Archive for May, 2011
This weekend, I can’t imagine I was I the only one who noticed a strange thing in the best seller book lists. Both in the LA Times and the NY Times, a truly ragtag group of celebrities – Tina Fey, Steven Tyler, Rob Lowe and Betty White – dominated nonfiction hardcover book sales for the first week of May. The top ten was rounded out with new books by the (clearly) irrepressible Dick Van Dyke and Shania Twain (in the NY Times) and, in the LA Times, along with Van Dyke, we found the equally energetic Shirley MacLaine . . . and yet another book about Cary Grant.
Has the nonfiction book list become the publishing industry equivalent to reality TV?
No one bats an eye anymore when a celebrity dominates discussions about a political election or a natural disaster or an international health crisis. We’ve grown used to these incursions and the optimistic among us just hope that a little glitter and razzmatazz will attract constructive attention to difficult social issues. But perhaps our apathy about the way that entertainment has weaseled its way into just about every aspect of modern life will end once we’ve started to notice how beholden our notions of reality are to celebrity takes on them.
Is it all that bad that one of the more brilliant TV comedy writers of our generation sits atop our nonfiction best seller lists? Not necessarily. But the relentless drive within every media sector to find “built-in audiences” by attaching their formidable resources to pre-made media stars like Fey may start to wear thin as we realize that the books that might be telling us about our shared history are edged to the side by reminiscences about life inside the media bubble . . . which is increasingly becoming the only reality that really counts.
I was a little surprised by the invitation I received from Hernan Ortiz and Viviana Trujillo to speak at their annual Fractal conference . I couldn’t figure out how they knew that I was interested in all the things their conference was about: science fiction, technoculture, music and the porous boundary between fiction and real lived life. I knew that my current work at the Norman Lear Center was informed by these interests – which I’d cultivated while I was earning my English PhD in a theory-heavy program – but it was hardly obvious in any official bio you might find online.
The conference was in Medellin, Colombia, and so I immediately contacted my friend, who has lots of family in Colombia, and asked her whether it was safe for an American gal to travel alone there. She assured me that things had improved tremendously: Medellin was now safer than it had been in decades, and it just happened to be one of the most beautiful places in the entire country.
Boy, she wasn’t kidding.
Hernan and Viviana were clever enough to include in their original invitation links to two glowing reports about the two previous conferences in 2009 and 2010. Science fiction writers John Kessel and James Patrick Kelly wrote this about the first Fractal:
The festival blithely crossed boundaries in the arts, exploring the literature of the fantastic, music, art, science, technology, and fashion.

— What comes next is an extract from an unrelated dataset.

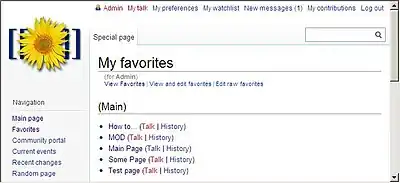 This extension also creates a new Special page called "Special:Favoritelist". This special page allows users to view or edit their list of favorites. A link to this page can be added to the Personal Urls section of MediaWiki. See Configuration parameters for more details.
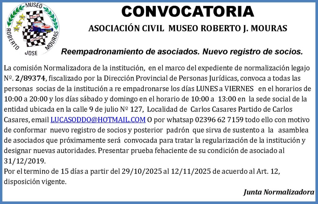 La comisión Normalizadora de la institución, en el marco del expediente de normalización legajo Nº. 2/89374, fiscalizado por la Dirección Provincial de Personas Jurídicas, convoca a todas las personas socias de la institución a re empadronarse los días LUNES a VIERNES en el horarios de 10:00 a 20:00 y los días sábado y domingo en el horario de 10:00 a 13:00 en la sede social de la entidad ubicada en la calle 9 de julio Nº 127, Localidad de Carlos Casares Partido de Carlos Casares,…

It was Colombia’s first national science fiction conference. Dedicated to presenting different ways of imagining and creating the future, the conference took its mission from a quote by J.G. Ballard. “I believe in the power of imagination to rebuild the world.”

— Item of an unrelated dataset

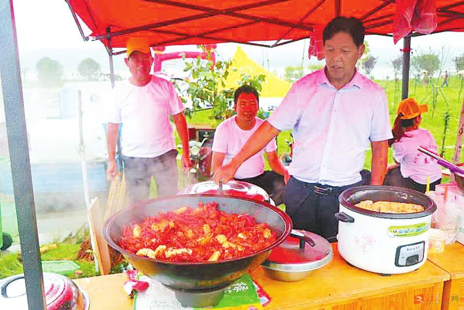 如今,美食节已成为各村展示产业发展成果的平台。作为拥有万亩养殖基地和注册了“淮渔源”龙虾商标认证的水产养殖大镇,每一个摊位上都能看到小龙虾的身影,蒜香、五香、麻辣……美食节上,龙虾香味四溢。在唐庄村的摊位上,该村党支部书记唐留生掌勺烹制。他向记者介绍,村里水产养殖扶贫基地养殖的不光有小龙虾,还有个头肥大的澳洲龙虾。一天下来,唐留生摊前烹制的龙虾售卖殆尽,刚从塘中捕捞的龙虾也卖出不少,为村里的集体经济和贫困群众增加了收入。

There were several reasons I was happy to be invited to speak at the Fashion140 event last week: first, it was in the brand spanking new Alice Tully Hall at Lincoln Center (wow!), and second, it gave me an opportunity to talk about two things that I think quite a lot about these days: fashion and social media.

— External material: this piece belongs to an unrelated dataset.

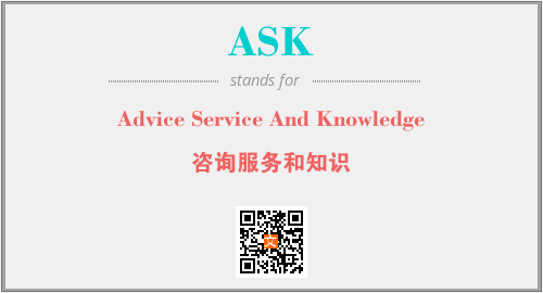 英文缩略词“ASK”经常作为“Advice Service And Knowledge”的英文缩写来使用,中文表示:“咨询服务和知识”。本文将详细介绍英文缩写词ASK所代表英文单词,其对应的中文拼音、详细解释以及在英语中的流行度。此外,还有关于缩略词ASK的分类、应用领域及相关应用示例等。

I’ve given a TED talk on each of these topics – one was about the lack of copyright protection in the fashion industry and the reasons that that might be very good for business and for the artistic craft. (The response I received to this argument from working designers at Fashion140 was exclusively positive.) My more recent TED talk, which I gave in December, was about social media and the transformative impact that I believe it will have on traditional media industries and global popular culture, including the representations we see in magazines, TV, film, games, toys … you name it.
At the Norman Lear Center, which is based at the University of Southern California, I’ve been doing a great deal of research on social media and its impact on the television industry, in particular. As I was combing through data, I kept stumbling across articles about women’s dominance of various social media platforms, including Flickr and Facebook, and Twitter, where 57 % of users are women according to the most recent data from Ignite. I wondered if I could find some global stats and lo and behold comScore put together a very nice report in June of last year called Women on the Web: How Women are Shaping the Internet. In it, they demonstrated that women outnumber men on social media in every region around the world, and they spend a LOT more time on these sites than men do: women spend 5.5 hours per month on social media sites compared to 3.9 hours for men.
It didn’t surprise me that women were flocking to social media sites – there’s quite a lot of academic research that explores why it is that women tend to be more social than men. But I must say I was shocked that this trend wasn’t just appearing in rich, first world nations, but in every region around the world, where, I had thought, women’s access to the Internet, and the hardware and software that they need to participate in social media, might be pretty limited.